Task instructions:
Write out the full listing below exactly as given.

Source material:
┄┄┄┄┄┄
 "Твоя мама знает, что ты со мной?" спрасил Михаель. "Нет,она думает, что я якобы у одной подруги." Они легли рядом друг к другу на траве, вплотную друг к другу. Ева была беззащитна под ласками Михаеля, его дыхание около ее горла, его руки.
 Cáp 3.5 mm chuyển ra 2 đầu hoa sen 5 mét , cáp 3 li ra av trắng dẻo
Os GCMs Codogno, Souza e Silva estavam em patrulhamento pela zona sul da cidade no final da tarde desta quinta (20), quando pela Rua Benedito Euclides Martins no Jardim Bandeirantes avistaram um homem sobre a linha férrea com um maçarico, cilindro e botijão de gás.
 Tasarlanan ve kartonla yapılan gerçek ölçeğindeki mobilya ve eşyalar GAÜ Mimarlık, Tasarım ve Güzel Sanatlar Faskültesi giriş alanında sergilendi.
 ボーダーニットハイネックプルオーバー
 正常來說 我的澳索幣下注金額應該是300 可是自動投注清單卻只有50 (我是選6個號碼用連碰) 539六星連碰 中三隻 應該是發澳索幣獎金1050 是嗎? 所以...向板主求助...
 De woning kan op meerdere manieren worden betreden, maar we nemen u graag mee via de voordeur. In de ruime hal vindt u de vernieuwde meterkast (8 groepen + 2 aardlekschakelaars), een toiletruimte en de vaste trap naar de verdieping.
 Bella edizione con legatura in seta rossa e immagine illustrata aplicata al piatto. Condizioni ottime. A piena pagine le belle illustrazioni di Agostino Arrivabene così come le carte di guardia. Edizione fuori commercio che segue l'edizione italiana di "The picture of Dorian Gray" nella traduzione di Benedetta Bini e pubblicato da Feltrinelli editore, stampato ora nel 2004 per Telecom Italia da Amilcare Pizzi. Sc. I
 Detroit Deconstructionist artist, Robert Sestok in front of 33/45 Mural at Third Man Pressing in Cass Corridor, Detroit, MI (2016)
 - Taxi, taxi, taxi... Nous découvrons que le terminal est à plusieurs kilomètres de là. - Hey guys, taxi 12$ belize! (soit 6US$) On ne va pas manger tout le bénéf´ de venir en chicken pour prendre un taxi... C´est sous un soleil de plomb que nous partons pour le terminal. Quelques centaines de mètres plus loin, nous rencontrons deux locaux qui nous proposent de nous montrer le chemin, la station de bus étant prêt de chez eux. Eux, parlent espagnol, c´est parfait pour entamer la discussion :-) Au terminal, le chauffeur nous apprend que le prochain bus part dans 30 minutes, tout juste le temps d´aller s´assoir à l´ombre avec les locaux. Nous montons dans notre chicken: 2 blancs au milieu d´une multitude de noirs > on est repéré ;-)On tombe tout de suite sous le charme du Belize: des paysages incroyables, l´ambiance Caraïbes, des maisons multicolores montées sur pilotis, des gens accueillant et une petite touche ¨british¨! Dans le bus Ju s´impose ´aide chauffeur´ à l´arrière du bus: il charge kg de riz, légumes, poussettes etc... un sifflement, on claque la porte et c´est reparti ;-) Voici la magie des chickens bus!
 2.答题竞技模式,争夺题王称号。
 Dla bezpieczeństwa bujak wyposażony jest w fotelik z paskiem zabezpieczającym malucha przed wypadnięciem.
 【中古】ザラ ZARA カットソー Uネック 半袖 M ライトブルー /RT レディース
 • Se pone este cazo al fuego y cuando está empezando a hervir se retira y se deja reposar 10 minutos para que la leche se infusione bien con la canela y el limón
┄┄┄┄┄┄
Output of the exercise:
 "Твоя мама знает, что ты со мной?" спрасил Михаель. "Нет,она думает, что я якобы у одной подруги." Они легли рядом друг к другу на траве, вплотную друг к другу. Ева была беззащитна под ласками Михаеля, его дыхание около ее горла, его руки.
 Cáp 3.5 mm chuyển ra 2 đầu hoa sen 5 mét , cáp 3 li ra av trắng dẻo
Os GCMs Codogno, Souza e Silva estavam em patrulhamento pela zona sul da cidade no final da tarde desta quinta (20), quando pela Rua Benedito Euclides Martins no Jardim Bandeirantes avistaram um homem sobre a linha férrea com um maçarico, cilindro e botijão de gás.
 Tasarlanan ve kartonla yapılan gerçek ölçeğindeki mobilya ve eşyalar GAÜ Mimarlık, Tasarım ve Güzel Sanatlar Faskültesi giriş alanında sergilendi.
 ボーダーニットハイネックプルオーバー
 正常來說 我的澳索幣下注金額應該是300 可是自動投注清單卻只有50 (我是選6個號碼用連碰) 539六星連碰 中三隻 應該是發澳索幣獎金1050 是嗎? 所以...向板主求助...
 De woning kan op meerdere manieren worden betreden, maar we nemen u graag mee via de voordeur. In de ruime hal vindt u de vernieuwde meterkast (8 groepen + 2 aardlekschakelaars), een toiletruimte en de vaste trap naar de verdieping.
 Bella edizione con legatura in seta rossa e immagine illustrata aplicata al piatto. Condizioni ottime. A piena pagine le belle illustrazioni di Agostino Arrivabene così come le carte di guardia. Edizione fuori commercio che segue l'edizione italiana di "The picture of Dorian Gray" nella traduzione di Benedetta Bini e pubblicato da Feltrinelli editore, stampato ora nel 2004 per Telecom Italia da Amilcare Pizzi. Sc. I
 Detroit Deconstructionist artist, Robert Sestok in front of 33/45 Mural at Third Man Pressing in Cass Corridor, Detroit, MI (2016)
 - Taxi, taxi, taxi... Nous découvrons que le terminal est à plusieurs kilomètres de là. - Hey guys, taxi 12$ belize! (soit 6US$) On ne va pas manger tout le bénéf´ de venir en chicken pour prendre un taxi... C´est sous un soleil de plomb que nous partons pour le terminal. Quelques centaines de mètres plus loin, nous rencontrons deux locaux qui nous proposent de nous montrer le chemin, la station de bus étant prêt de chez eux. Eux, parlent espagnol, c´est parfait pour entamer la discussion :-) Au terminal, le chauffeur nous apprend que le prochain bus part dans 30 minutes, tout juste le temps d´aller s´assoir à l´ombre avec les locaux. Nous montons dans notre chicken: 2 blancs au milieu d´une multitude de noirs > on est repéré ;-)On tombe tout de suite sous le charme du Belize: des paysages incroyables, l´ambiance Caraïbes, des maisons multicolores montées sur pilotis, des gens accueillant et une petite touche ¨british¨! Dans le bus Ju s´impose ´aide chauffeur´ à l´arrière du bus: il charge kg de riz, légumes, poussettes etc... un sifflement, on claque la porte et c´est reparti ;-) Voici la magie des chickens bus!
 2.答题竞技模式,争夺题王称号。
 Dla bezpieczeństwa bujak wyposażony jest w fotelik z paskiem zabezpieczającym malucha przed wypadnięciem.
 【中古】ザラ ZARA カットソー Uネック 半袖 M ライトブルー /RT レディース
 • Se pone este cazo al fuego y cuando está empezando a hervir se retira y se deja reposar 10 minutos para que la leche se infusione bien con la canela y el limón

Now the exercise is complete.